◆ About this task:
From the entries below, please output exactly the lines starting at the one containing "Россия, Санкт-Петербург, 19" and ending at the one containing "Color Merle (it", both included.

Dataset entries:
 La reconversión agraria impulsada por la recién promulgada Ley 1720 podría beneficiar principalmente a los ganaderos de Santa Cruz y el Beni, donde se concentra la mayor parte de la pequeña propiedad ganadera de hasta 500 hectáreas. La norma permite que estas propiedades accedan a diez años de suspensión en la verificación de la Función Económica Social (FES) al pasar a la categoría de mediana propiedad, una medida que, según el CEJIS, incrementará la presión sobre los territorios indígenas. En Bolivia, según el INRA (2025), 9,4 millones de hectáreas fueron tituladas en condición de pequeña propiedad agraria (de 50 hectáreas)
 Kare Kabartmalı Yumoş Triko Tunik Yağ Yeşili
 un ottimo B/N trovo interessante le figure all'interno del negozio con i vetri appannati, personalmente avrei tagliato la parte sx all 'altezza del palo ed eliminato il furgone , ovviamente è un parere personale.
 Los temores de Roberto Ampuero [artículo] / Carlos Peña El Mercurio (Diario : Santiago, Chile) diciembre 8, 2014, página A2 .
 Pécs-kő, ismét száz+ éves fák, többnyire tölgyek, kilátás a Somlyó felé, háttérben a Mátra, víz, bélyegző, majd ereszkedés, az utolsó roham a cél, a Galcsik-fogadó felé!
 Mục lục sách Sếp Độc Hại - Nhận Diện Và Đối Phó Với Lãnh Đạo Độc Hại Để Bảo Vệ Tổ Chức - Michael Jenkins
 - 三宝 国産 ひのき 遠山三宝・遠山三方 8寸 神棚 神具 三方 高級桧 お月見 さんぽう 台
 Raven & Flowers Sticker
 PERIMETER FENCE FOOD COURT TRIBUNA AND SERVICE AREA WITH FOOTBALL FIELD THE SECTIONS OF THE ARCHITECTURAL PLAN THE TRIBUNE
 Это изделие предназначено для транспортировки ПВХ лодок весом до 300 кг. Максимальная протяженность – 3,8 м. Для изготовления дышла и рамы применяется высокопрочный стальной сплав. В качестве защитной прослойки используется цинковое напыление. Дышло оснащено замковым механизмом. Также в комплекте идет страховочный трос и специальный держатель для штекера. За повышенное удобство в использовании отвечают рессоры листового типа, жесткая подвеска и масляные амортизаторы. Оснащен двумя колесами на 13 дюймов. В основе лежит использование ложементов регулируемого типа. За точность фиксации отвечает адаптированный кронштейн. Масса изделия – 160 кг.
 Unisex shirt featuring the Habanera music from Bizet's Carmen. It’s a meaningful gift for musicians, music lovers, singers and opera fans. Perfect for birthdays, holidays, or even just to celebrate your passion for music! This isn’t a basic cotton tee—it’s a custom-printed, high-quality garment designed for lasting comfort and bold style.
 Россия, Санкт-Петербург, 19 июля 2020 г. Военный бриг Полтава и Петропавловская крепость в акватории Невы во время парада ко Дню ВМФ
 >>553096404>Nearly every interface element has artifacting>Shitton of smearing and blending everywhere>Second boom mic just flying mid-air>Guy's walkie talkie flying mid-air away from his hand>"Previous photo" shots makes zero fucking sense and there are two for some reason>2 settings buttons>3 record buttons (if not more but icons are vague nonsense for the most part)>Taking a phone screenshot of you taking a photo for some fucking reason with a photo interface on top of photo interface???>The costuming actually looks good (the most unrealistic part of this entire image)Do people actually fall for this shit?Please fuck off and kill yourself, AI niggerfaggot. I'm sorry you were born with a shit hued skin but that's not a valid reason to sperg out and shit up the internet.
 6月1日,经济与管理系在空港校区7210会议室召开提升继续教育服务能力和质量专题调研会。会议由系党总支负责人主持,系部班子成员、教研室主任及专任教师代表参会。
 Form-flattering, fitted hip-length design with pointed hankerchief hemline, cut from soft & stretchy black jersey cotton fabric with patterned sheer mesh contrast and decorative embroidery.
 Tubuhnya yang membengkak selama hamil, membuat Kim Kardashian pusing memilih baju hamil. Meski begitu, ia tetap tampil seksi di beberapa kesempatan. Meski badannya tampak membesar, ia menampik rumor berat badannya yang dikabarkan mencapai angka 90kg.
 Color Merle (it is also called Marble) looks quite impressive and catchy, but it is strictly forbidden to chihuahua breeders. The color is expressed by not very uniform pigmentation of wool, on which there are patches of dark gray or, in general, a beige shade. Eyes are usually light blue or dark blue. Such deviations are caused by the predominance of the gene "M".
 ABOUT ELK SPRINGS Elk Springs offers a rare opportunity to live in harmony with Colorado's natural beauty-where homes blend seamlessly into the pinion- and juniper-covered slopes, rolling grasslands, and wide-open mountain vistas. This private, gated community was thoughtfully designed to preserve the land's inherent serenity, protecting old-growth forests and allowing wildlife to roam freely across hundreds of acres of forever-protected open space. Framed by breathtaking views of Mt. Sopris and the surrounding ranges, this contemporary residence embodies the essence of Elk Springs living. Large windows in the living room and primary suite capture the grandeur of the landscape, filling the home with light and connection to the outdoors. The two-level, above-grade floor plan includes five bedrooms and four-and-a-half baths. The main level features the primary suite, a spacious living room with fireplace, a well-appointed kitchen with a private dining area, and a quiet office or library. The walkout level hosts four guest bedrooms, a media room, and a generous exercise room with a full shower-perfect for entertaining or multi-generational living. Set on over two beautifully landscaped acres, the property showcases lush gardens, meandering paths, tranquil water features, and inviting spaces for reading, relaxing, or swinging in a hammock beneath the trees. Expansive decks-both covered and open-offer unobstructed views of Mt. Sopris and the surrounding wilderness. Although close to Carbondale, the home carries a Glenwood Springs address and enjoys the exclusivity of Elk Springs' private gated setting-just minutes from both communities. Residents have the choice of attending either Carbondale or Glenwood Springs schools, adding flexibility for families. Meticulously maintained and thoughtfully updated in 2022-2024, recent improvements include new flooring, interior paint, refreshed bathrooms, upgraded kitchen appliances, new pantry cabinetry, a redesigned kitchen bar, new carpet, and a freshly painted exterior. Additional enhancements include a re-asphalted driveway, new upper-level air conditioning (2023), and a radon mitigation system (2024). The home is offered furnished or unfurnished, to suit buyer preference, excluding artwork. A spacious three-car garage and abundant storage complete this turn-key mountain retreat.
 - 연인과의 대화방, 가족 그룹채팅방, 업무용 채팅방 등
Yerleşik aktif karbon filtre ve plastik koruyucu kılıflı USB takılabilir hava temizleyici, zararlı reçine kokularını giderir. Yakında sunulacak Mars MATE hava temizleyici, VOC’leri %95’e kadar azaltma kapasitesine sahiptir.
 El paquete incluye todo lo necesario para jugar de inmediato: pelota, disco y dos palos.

◆ Task solution:
 Россия, Санкт-Петербург, 19 июля 2020 г. Военный бриг Полтава и Петропавловская крепость в акватории Невы во время парада ко Дню ВМФ
 >>553096404>Nearly every interface element has artifacting>Shitton of smearing and blending everywhere>Second boom mic just flying mid-air>Guy's walkie talkie flying mid-air away from his hand>"Previous photo" shots makes zero fucking sense and there are two for some reason>2 settings buttons>3 record buttons (if not more but icons are vague nonsense for the most part)>Taking a phone screenshot of you taking a photo for some fucking reason with a photo interface on top of photo interface???>The costuming actually looks good (the most unrealistic part of this entire image)Do people actually fall for this shit?Please fuck off and kill yourself, AI niggerfaggot. I'm sorry you were born with a shit hued skin but that's not a valid reason to sperg out and shit up the internet.
 6月1日,经济与管理系在空港校区7210会议室召开提升继续教育服务能力和质量专题调研会。会议由系党总支负责人主持,系部班子成员、教研室主任及专任教师代表参会。
 Form-flattering, fitted hip-length design with pointed hankerchief hemline, cut from soft & stretchy black jersey cotton fabric with patterned sheer mesh contrast and decorative embroidery.
 Tubuhnya yang membengkak selama hamil, membuat Kim Kardashian pusing memilih baju hamil. Meski begitu, ia tetap tampil seksi di beberapa kesempatan. Meski badannya tampak membesar, ia menampik rumor berat badannya yang dikabarkan mencapai angka 90kg.
 Color Merle (it is also called Marble) looks quite impressive and catchy, but it is strictly forbidden to chihuahua breeders. The color is expressed by not very uniform pigmentation of wool, on which there are patches of dark gray or, in general, a beige shade. Eyes are usually light blue or dark blue. Such deviations are caused by the predominance of the gene "M".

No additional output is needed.